Он снимал, снимал и снимал. Изучать хаос – дело неблагодарное. Точнее – не имеющее конца. День за днём нажимая на спуск своей «Лейки», Виногранд создавал коллекцию фрагментов. Счёт шел на сотни тысяч. Но любая организация этого материала казалась Виногранду искусственной, фальшивой, поскольку организация – это нарратив, то есть рассказ, то есть сюжет, и значит – оценка. Но как можно оценивать, что хорошо, а что плохо, что правда, а что – ложь, если не знаешь этого сам?
Нельзя сказать, что он не делал попыток выбраться из-под этой горы фотографий.
В 1963 году Виногранд подал заявку на Гугенхеймовский грант. Он задумал проект, который должен был бы вылиться в какую-то традиционную форму:
«Я смотрю на свои фотографии, и мне начинает казаться, что всё это не имеет никакого значения – наши чувства, кто мы такие и в кого мы превратились.
Наши стремления, как и наши успехи, – жалки и мелочны. Я читаю газетные новости, статьи, книги, листаю журналы. Это мир иллюзий и фантазий, словно мы потеряли себя, а бомба просто доведёт дело до конца, – но всё это не имеет значения, потому что мы не любим жизнь.

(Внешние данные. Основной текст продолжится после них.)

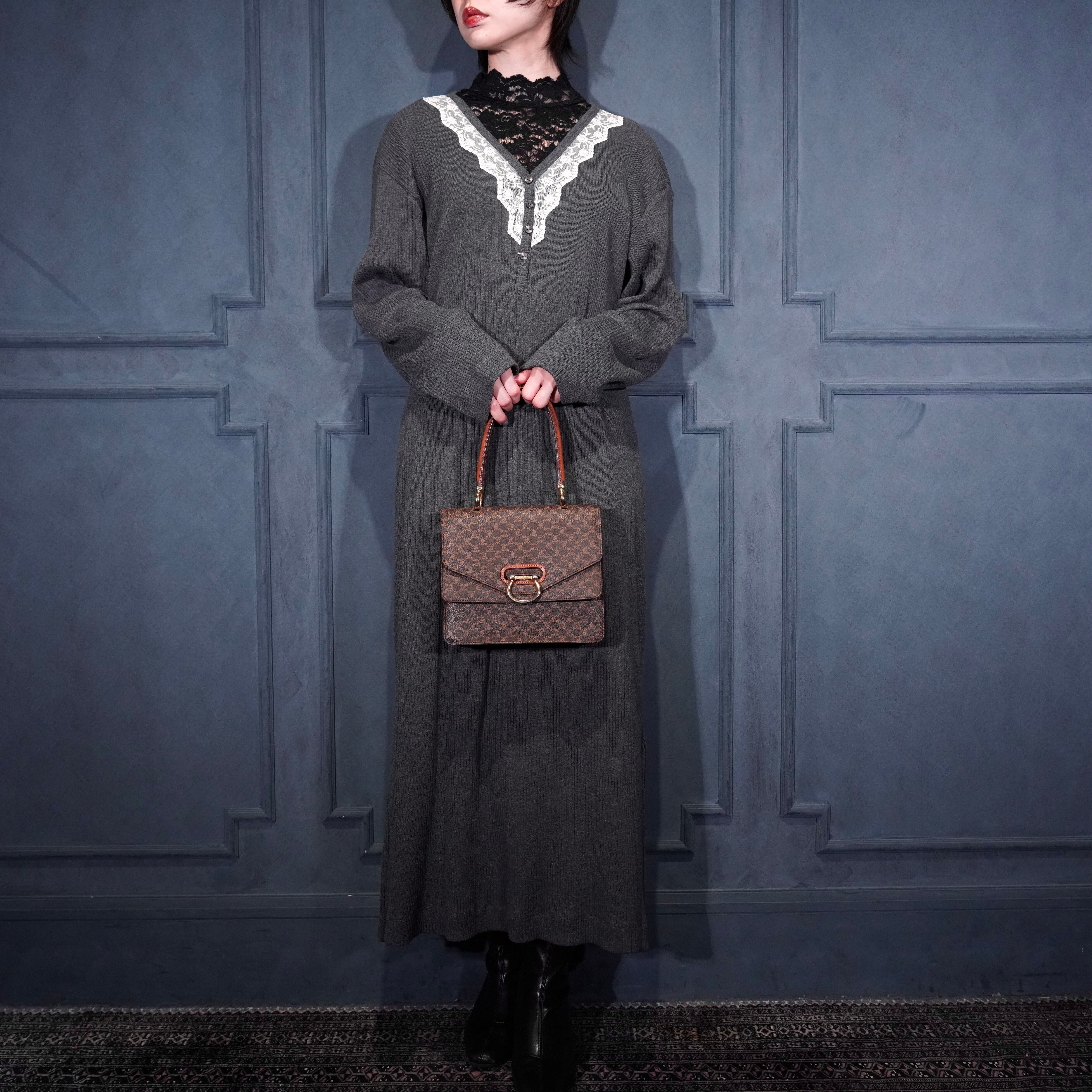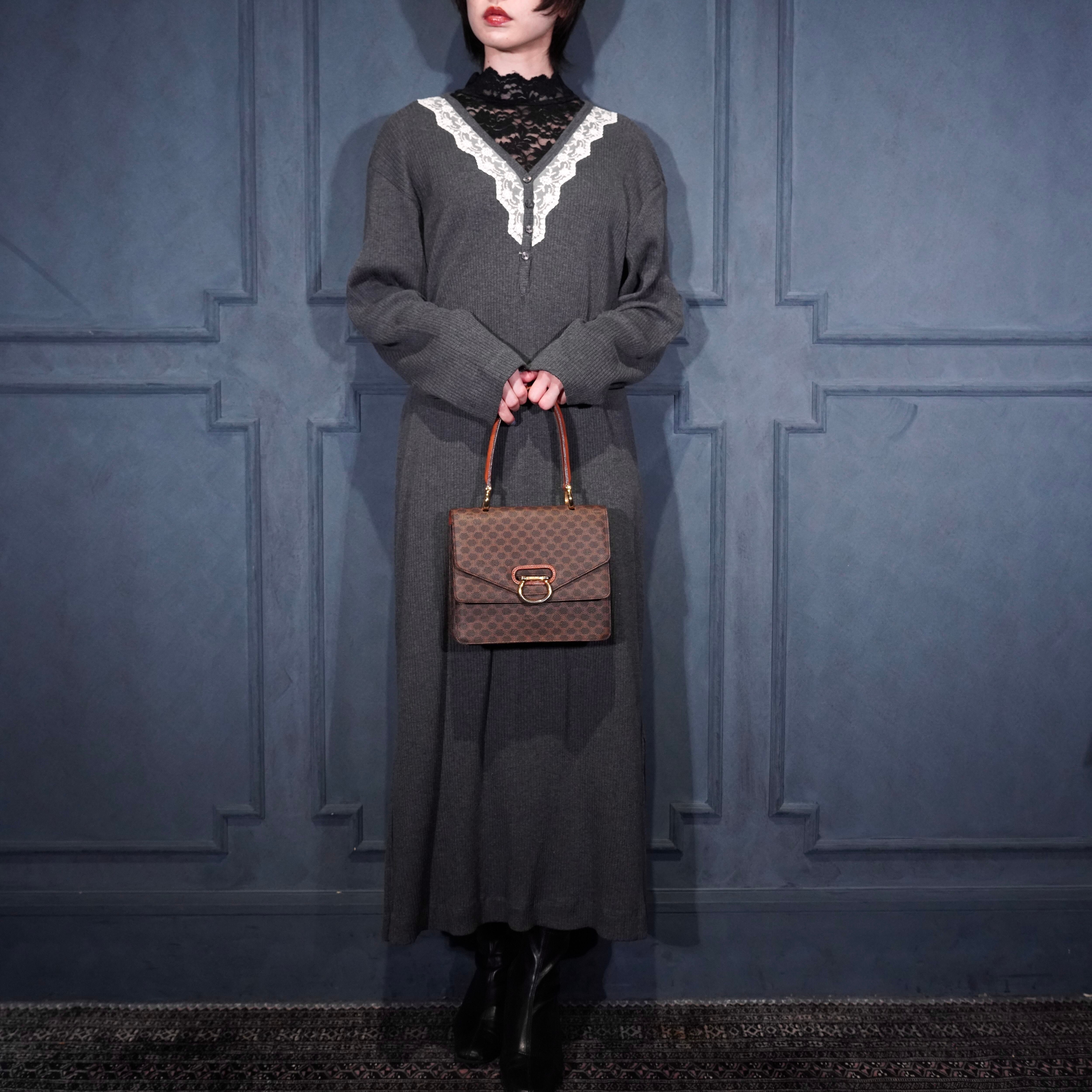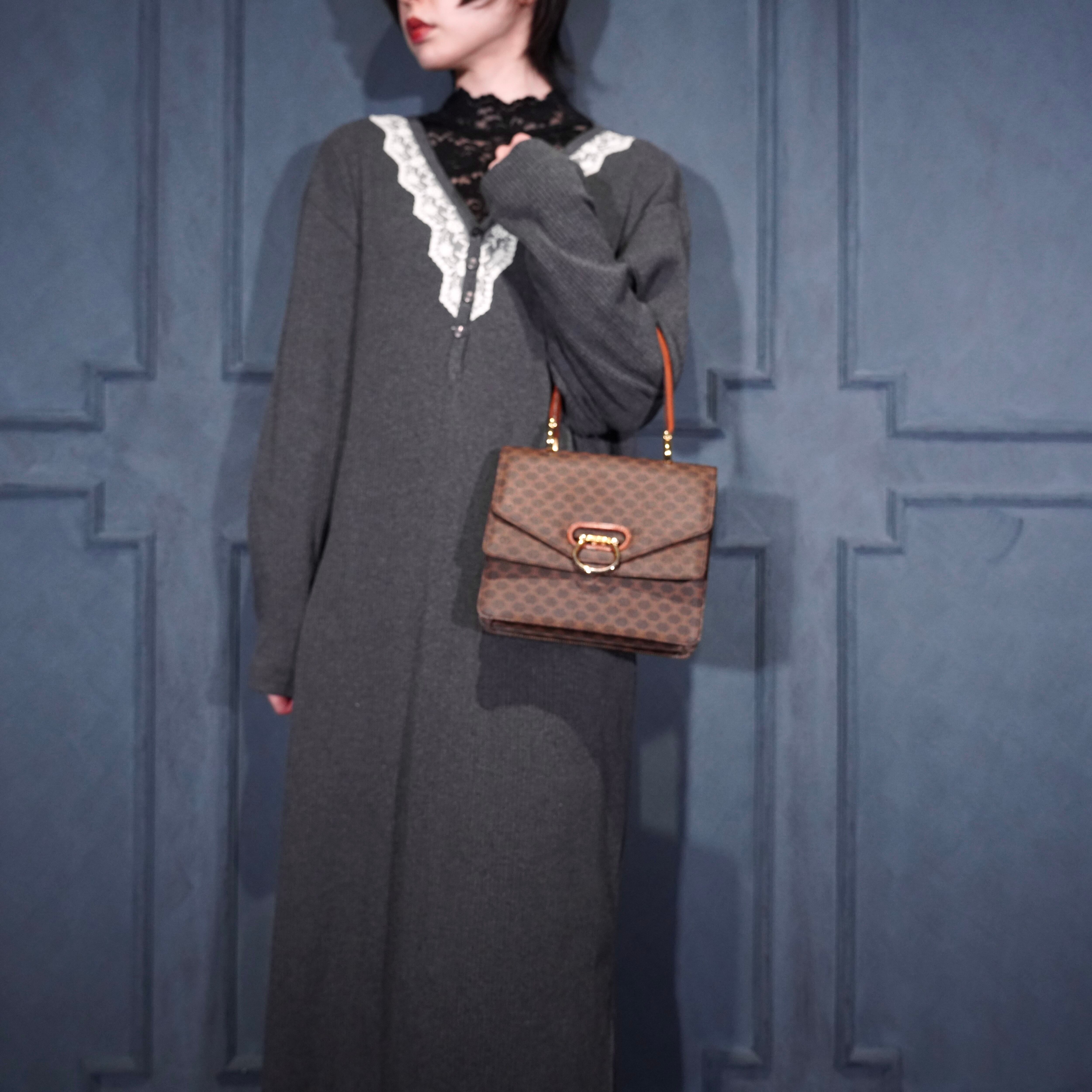CELINE MACADAM PATTERNED DOUBLE FLAP HAND BAG/オールドセリーヌマカダム柄ダブルフラップデザインハンドバッグ

Таков мой вывод, но смириться я с этим выводом не могу, и я должен продолжать своё фотографическое расследование. Это и есть мой проект».
Закончилось это фотографическое расследование привычным образом. Поездка по Америке, 550 катушек плёнки (без малого 20 тысяч кадров), 1000 рабочих отпечатков, из которых 50 попали на выставки либо были использованы в каких-то публикациях. И это всё.
Гарри Виногранд боялся выбора. Если намечалась выставка, он притаскивал куратору ворох отпечатков – выбирайте сами. Освобождая свою нью-йоркскую квартиру, Виногранд сложил в коробки 16 тысяч отпечатков и подарил их университету Аризоны (Center for Creative Photography). А на почтительное приглашение приехать и помочь в разборе и классификации этих отпечатков ответил отказом.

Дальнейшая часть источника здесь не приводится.